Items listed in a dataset
──────────

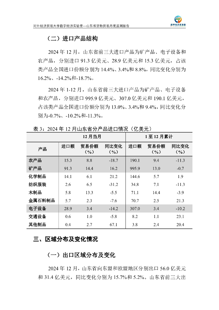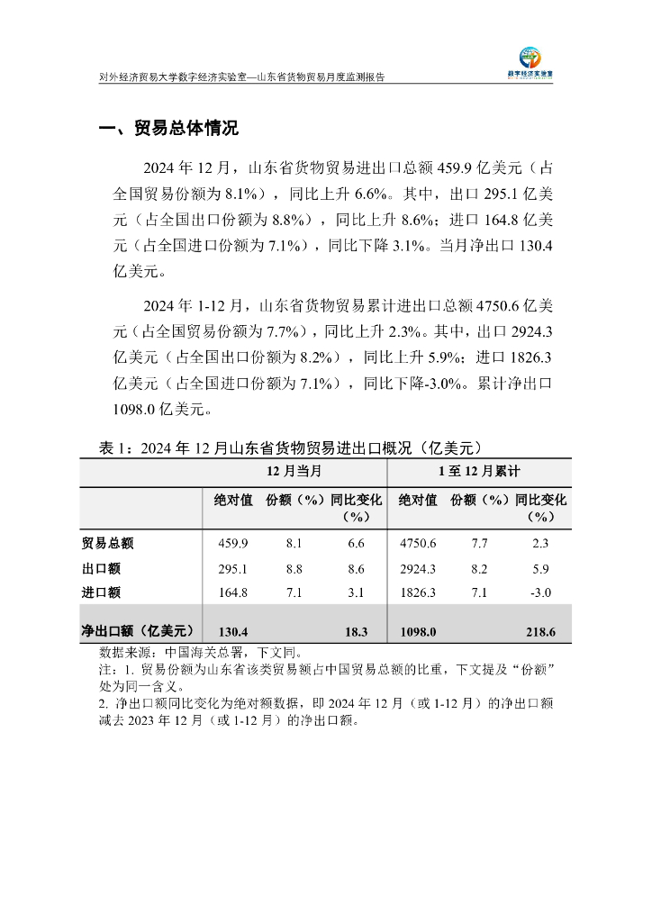 对外经济贸易大学:山东省货物贸易月度监测报告(2024年1-12月).pdf
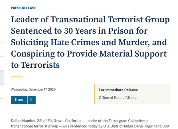 「今天的30年刑期传递了一个明确的信息」,司法部助理部长迪伦(Harmeet K. Dhillon)在公告中说道,「如果你策画恐怖袭击或利用极端主义网路煽动暴力,你终将被绳之以法,并被判处数十年监禁。」
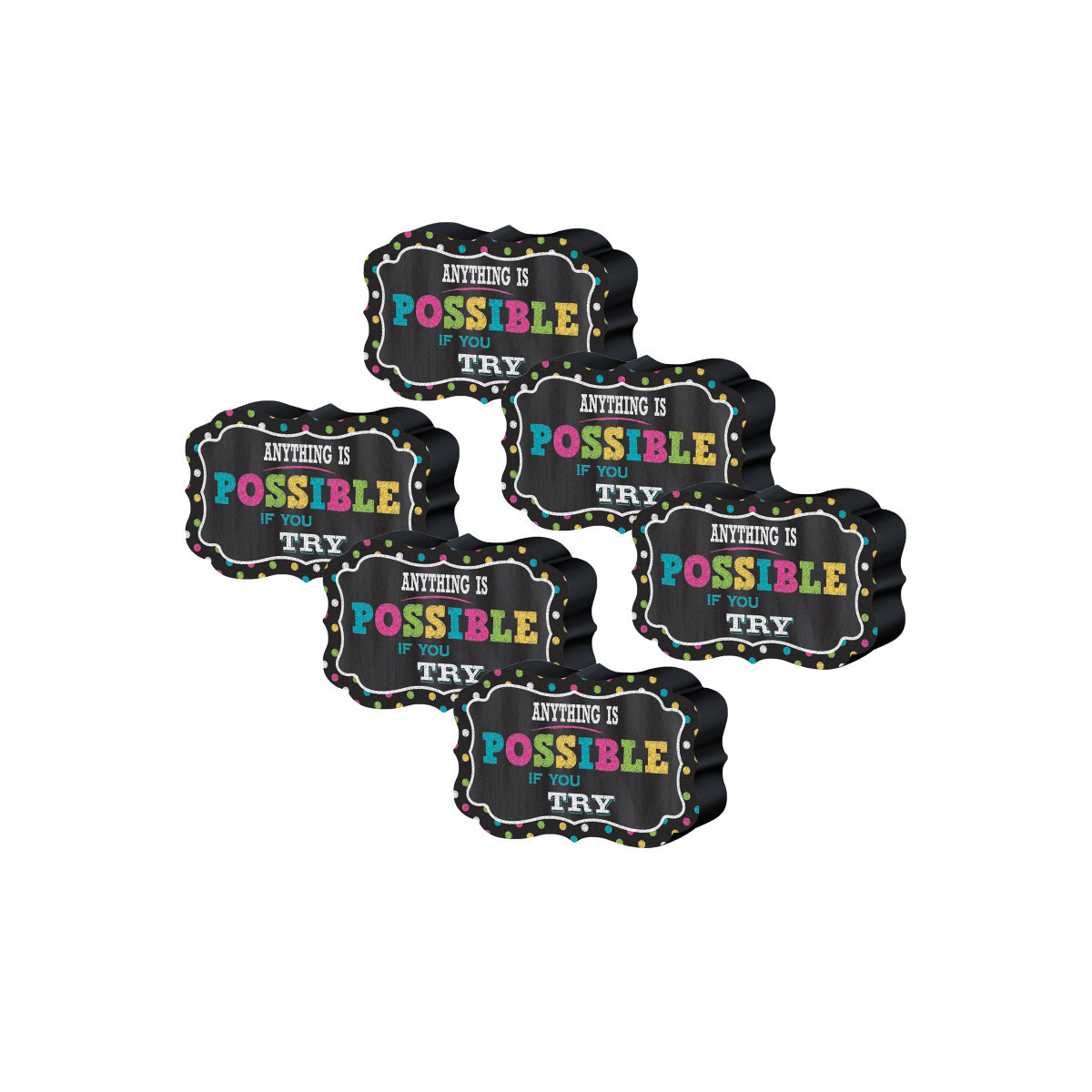 Sticks to your magnetic whiteboard. Embossed lettering makes the text pop! Coordinate with other super hero themed items. Each eraser is approximately 4" x 2.5" x 0.875". Sold as a pack of 6 erasers.
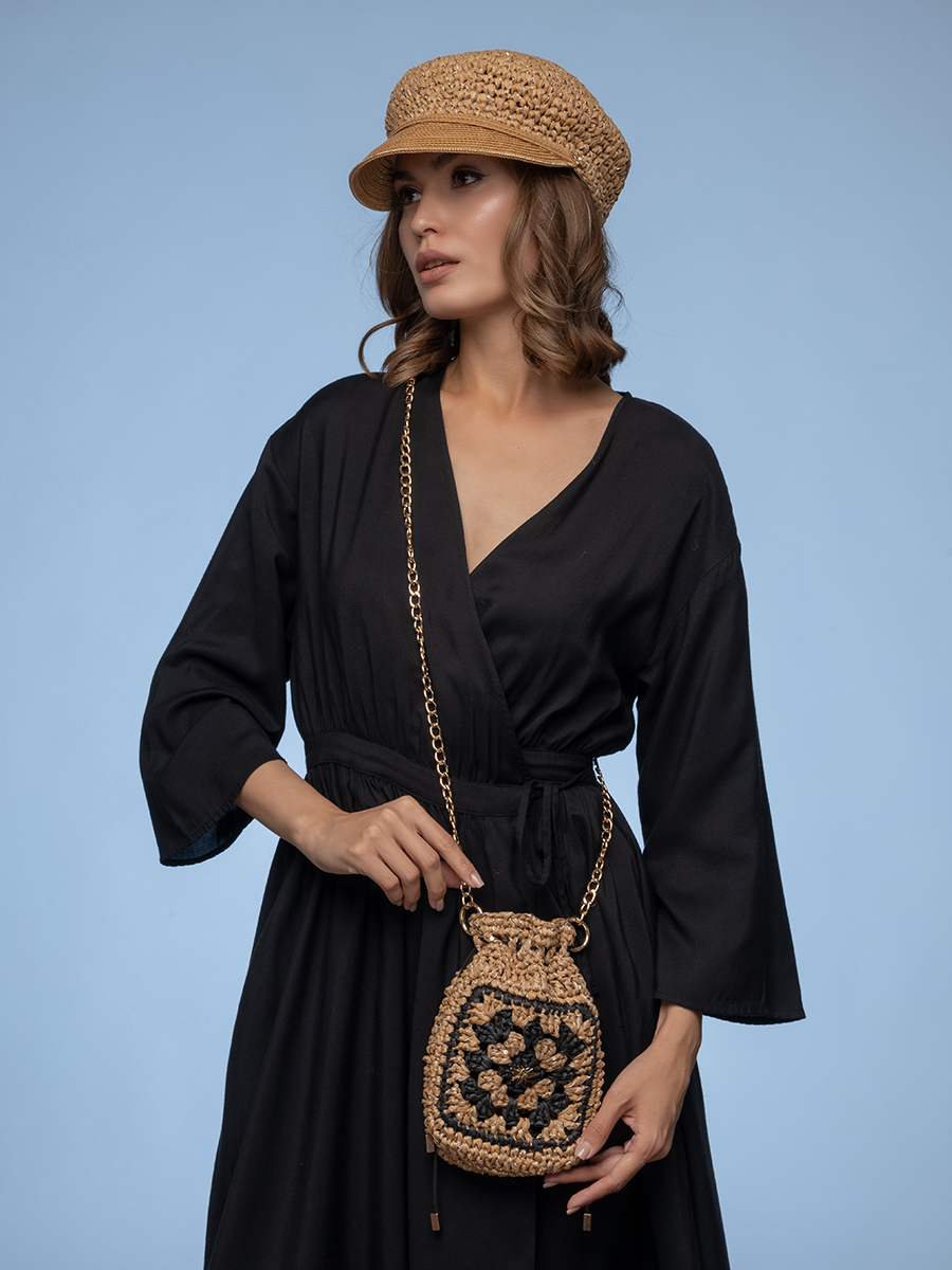 Сумка с цепью женская из рафии "Гвоздика"
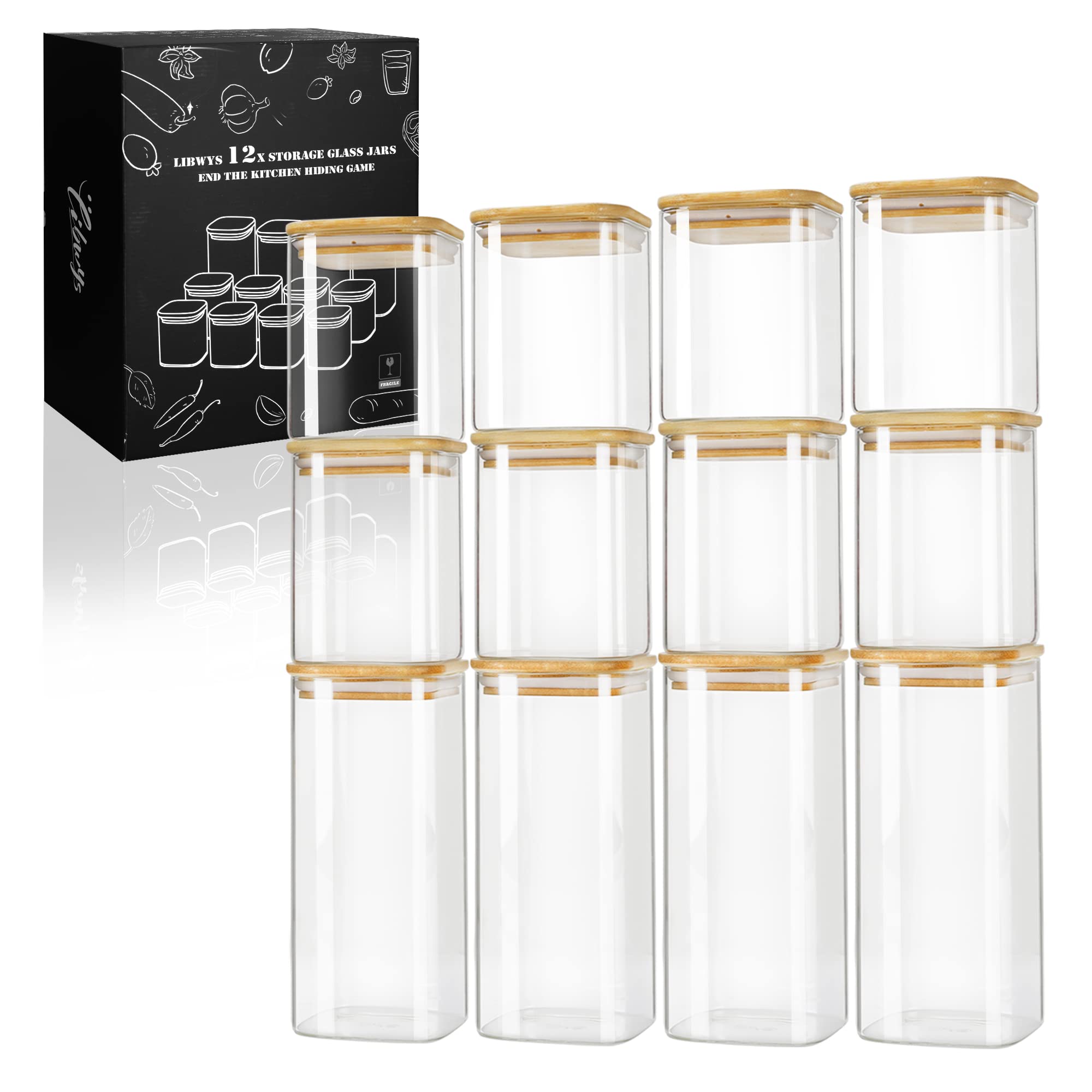 - Il set da 12 pezzi include contenitori da 1000 ml e 600 ml, realizzati in vetro borosilicato resistente al calore e lavabili in lavastoviglie, offrendo una soluzione pratica e sostenibile per organizzare armadi e cassetti.
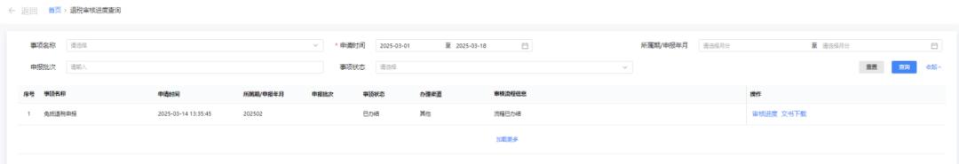 (2)进入查询模块后可通过输入“事项名称”、“申请时间”、“所属期”、“申报批次”、“事项状态”筛选项进行筛选查询。
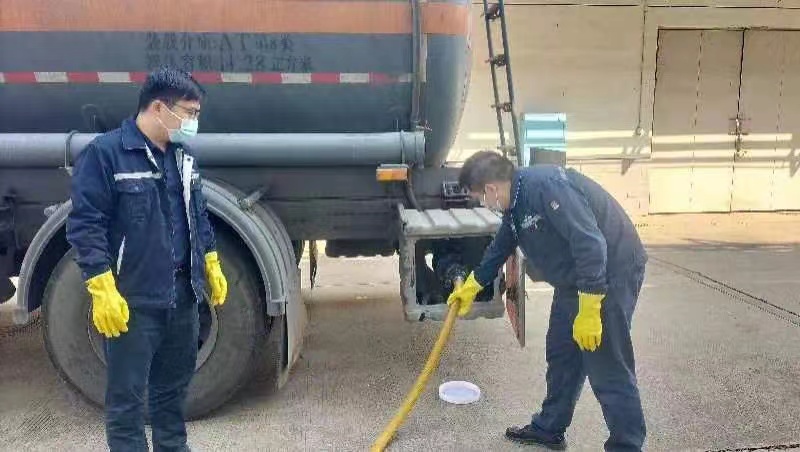 一波三折,鍥而不舍。11月5日18點(diǎn),通過與工信局不間斷地聯(lián)系,公司開具了到蘆淞區(qū)提貨的通行證明,并立刻派車前往,但車輛到達(dá)荷塘區(qū)與蘆淞區(qū)交界處時(shí)被拒絕通行。同時(shí),由于液堿屬于危險(xiǎn)化學(xué)品,其儲(chǔ)存、物流及使用都有嚴(yán)格的管理要求,市內(nèi)替代貨源的尋找難度大。正當(dāng)公司準(zhǔn)備從市外調(diào)貨進(jìn)行接駁時(shí),事情出現(xiàn)了新的轉(zhuǎn)機(jī)。11月5日20點(diǎn),公司通過多方聯(lián)系,得知石峰區(qū)815油庫有一批液堿因疫情封控留在了株洲。雖然市內(nèi)貨源已找到,但接下來如何轉(zhuǎn)運(yùn)至公司成為一大難題。
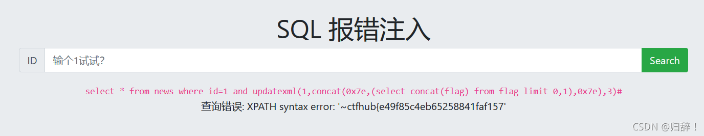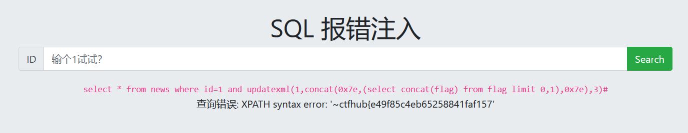 1 and updatexml(1,concat(0x7e,(select concat(flag) from flag limit 0,1),0x7e),3)#
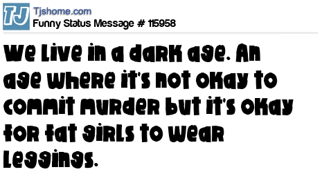 X says We live in a dark age. An age where it's not okay to commit murder but it's okay for fat girls to wear leggings.
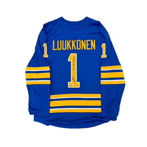 View full detailsUkko-Pekka Luukkonen Signed Buffalo Sabres Authentic Blue Jersey with "Let's Go Sabres" This item comes with TSE AUTHENTICATION (an $8 value) and a...

──────────

Output exactly those lines of the data above that run from the line with "(2)进入查询模块后可通过输" up to and including the line with "1 and updatexml(1,concat(0x7e,(select". No pictures go in.

 (2)进入查询模块后可通过输入“事项名称”、“申请时间”、“所属期”、“申报批次”、“事项状态”筛选项进行筛选查询。
 一波三折,鍥而不舍。11月5日18點(diǎn),通過與工信局不間斷地聯(lián)系,公司開具了到蘆淞區(qū)提貨的通行證明,并立刻派車前往,但車輛到達(dá)荷塘區(qū)與蘆淞區(qū)交界處時(shí)被拒絕通行。同時(shí),由于液堿屬于危險(xiǎn)化學(xué)品,其儲(chǔ)存、物流及使用都有嚴(yán)格的管理要求,市內(nèi)替代貨源的尋找難度大。正當(dāng)公司準(zhǔn)備從市外調(diào)貨進(jìn)行接駁時(shí),事情出現(xiàn)了新的轉(zhuǎn)機(jī)。11月5日20點(diǎn),公司通過多方聯(lián)系,得知石峰區(qū)815油庫有一批液堿因疫情封控留在了株洲。雖然市內(nèi)貨源已找到,但接下來如何轉(zhuǎn)運(yùn)至公司成為一大難題。
 1 and updatexml(1,concat(0x7e,(select concat(flag) from flag limit 0,1),0x7e),3)#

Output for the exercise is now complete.